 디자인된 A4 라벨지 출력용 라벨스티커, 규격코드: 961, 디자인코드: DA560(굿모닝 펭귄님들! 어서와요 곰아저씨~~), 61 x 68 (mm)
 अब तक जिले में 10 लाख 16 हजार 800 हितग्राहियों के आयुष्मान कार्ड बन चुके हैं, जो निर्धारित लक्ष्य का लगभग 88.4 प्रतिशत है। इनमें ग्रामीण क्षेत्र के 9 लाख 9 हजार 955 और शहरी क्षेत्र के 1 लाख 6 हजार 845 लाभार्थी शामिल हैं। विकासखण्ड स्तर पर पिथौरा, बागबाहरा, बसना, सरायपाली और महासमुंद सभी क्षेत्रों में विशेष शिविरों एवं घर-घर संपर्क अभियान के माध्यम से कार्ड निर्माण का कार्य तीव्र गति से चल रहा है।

* * *

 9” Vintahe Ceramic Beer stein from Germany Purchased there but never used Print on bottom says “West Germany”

--

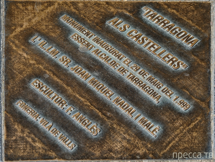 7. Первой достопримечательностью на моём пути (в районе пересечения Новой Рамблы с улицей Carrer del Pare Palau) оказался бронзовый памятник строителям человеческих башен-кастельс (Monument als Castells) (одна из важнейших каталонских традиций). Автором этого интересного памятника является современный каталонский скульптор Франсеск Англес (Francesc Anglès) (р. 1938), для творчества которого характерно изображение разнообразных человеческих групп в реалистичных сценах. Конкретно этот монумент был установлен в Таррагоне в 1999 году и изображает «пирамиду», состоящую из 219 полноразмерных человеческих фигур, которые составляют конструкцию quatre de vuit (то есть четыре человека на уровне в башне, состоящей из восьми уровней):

> [TASK PROMPT]
Retype only the stretch of lines above starting at the one with "디자인된 A4 라벨지" and stopping at the one with "अब तक जिले में", exactly as written, with both kept.

> [SOLUTION BELOW]
 디자인된 A4 라벨지 출력용 라벨스티커, 규격코드: 961, 디자인코드: DA560(굿모닝 펭귄님들! 어서와요 곰아저씨~~), 61 x 68 (mm)
 अब तक जिले में 10 लाख 16 हजार 800 हितग्राहियों के आयुष्मान कार्ड बन चुके हैं, जो निर्धारित लक्ष्य का लगभग 88.4 प्रतिशत है। इनमें ग्रामीण क्षेत्र के 9 लाख 9 हजार 955 और शहरी क्षेत्र के 1 लाख 6 हजार 845 लाभार्थी शामिल हैं। विकासखण्ड स्तर पर पिथौरा, बागबाहरा, बसना, सरायपाली और महासमुंद सभी क्षेत्रों में विशेष शिविरों एवं घर-घर संपर्क अभियान के माध्यम से कार्ड निर्माण का कार्य तीव्र गति से चल रहा है।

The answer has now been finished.